Welcome to the era of agentic AI
Wait, I thought we were in the generative AI era. Nope, according to NVIDIA, we’ve entered the next phase of AI. The first was “perception AI” or “vision AI.” Do you remember AI picking a dog out of a collection of random photos? The next was generative AI. Now agentic AI. Next up is physical AI to solve problems that require direct interaction with the physical world: autonomous robots, self-driving cars, and smart spaces.
At its core, agentic AI is autonomous task execution. A good example is customer support automation, where an AI agent can execute an end-to-end customer service request, including initiating a refund or other tangible resolutions.
Studying up on agentic
I attended a session on agentic AI to learn more. What I learned is that it requires a combination of learning and memory capacities, from procedural to learning the steps necessary to execute a specific task. Know-how also includes semantic and experiential learning and memories—the agent needs to learn from prior experiences to apply to current and future situations.

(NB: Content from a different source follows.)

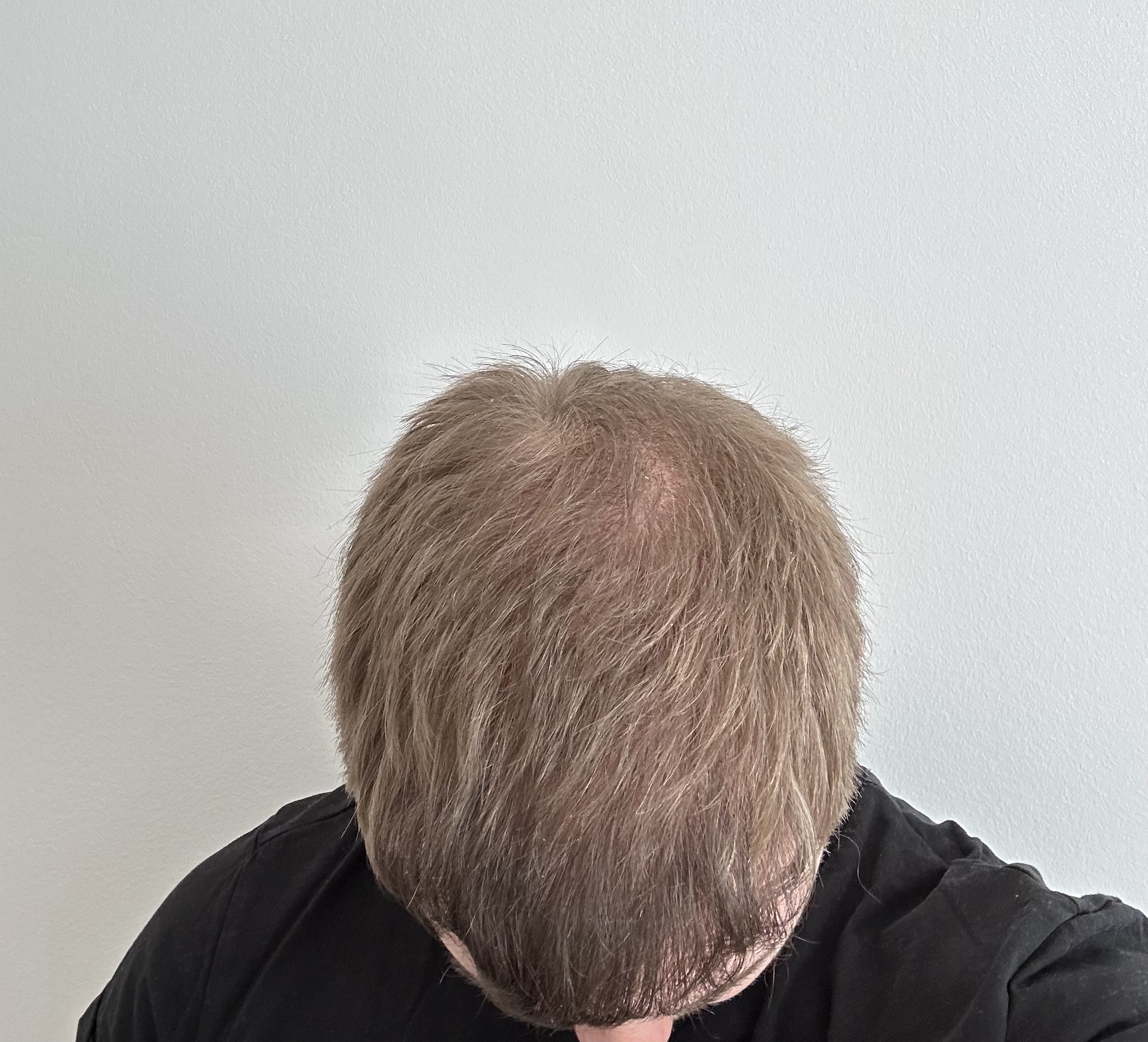 Im Anhang Bilder vom Empfänger- und Spenderbereich etwa eine Woche nach dem Eingriff. Es wurden ca. 2200 Grafts im vorderen Bereich zur Verdichtung und Befüllung der Geheimratsecken verwendet. Etwa 800 Grafts wurden ab dem Mittelkopf zur Verdichtung eingesetzt. (Bilder von vor der HT folgen noch.)

The other thing I learned is that organizations may, over time, have tens to hundreds to thousands of AI agents running concurrently. Having the horsepower to power those agents is critical, along with a strong underlying management system to track and govern them. The good, old-fashioned AI web bots are horrible. Hopefully, these new AI agents will do a better job of executing tasks and helping out.
Event observations: The lines
Last year, there were an estimated 20,000 attendees at GTC. This year, it was close to 25,000. That might seem like a small increase, but we’re talking about downtown San Jose. It was packed. Last year, I missed three sessions because the lines outnumbered seating capacity of the rooms. This year, I missed five sessions.
At least 300 people were waiting in line inside the San Jose Convention Center for one of the sessions I couldn't get in. I can hear it now: “What a great problem to have.” I’m not so sure. I wonder if staying home and streaming the sessions would be easier next year.
The energy was insane
All that complaining aside, the energy at the show was the highest of any tech conference I’ve attended in my career. I bumped into an old friend who said the same thing: It tops the Interop conference energy of the late ‘90s and early 2000s. The expo area was nuts. They even had an overflow expo center for smaller companies and startups—THAT WAS INSANE!
What else this old exec comms guy saw
I said it last year, and I’ll say it again: Jensen is the best CEO or spokesperson I’ve ever seen present in person. That crazy guy gets on stage, admits he has no backstop or safety net, no teleprompter, and then presents a two-and-half-hour, world-class keynote presentation on his own. His depth of knowledge is unparalleled. He spanned multiple topic areas with expert knowledge. No verbal fillers. Perfect levels of self-deprecation and humor.
Learn from Saturday Night Live
That said, no audience deserves to spend two and a half hours listening to super-deep technical information. It becomes an overstuffed sausage, and no one wants that.
On the way to San Jose, I watched Saturday Night and remember seeing the bulletin board with names of all the sketches and bits organized on it. There was WAY too much content lined up for the first SNL. Jensen needs to cut deep and create teasers for the conference sessions.
A deep sense of pride for NVIDIA
NVIDIA is one of the wild American success stories. As an American, I’m so proud of what Jensen and his company have accomplished and what they have yet to accomplish but will. It’s what makes this country so special.
For NVIDIA, it hasn’t been a linear journey. And that’s what makes NVIDIA so great.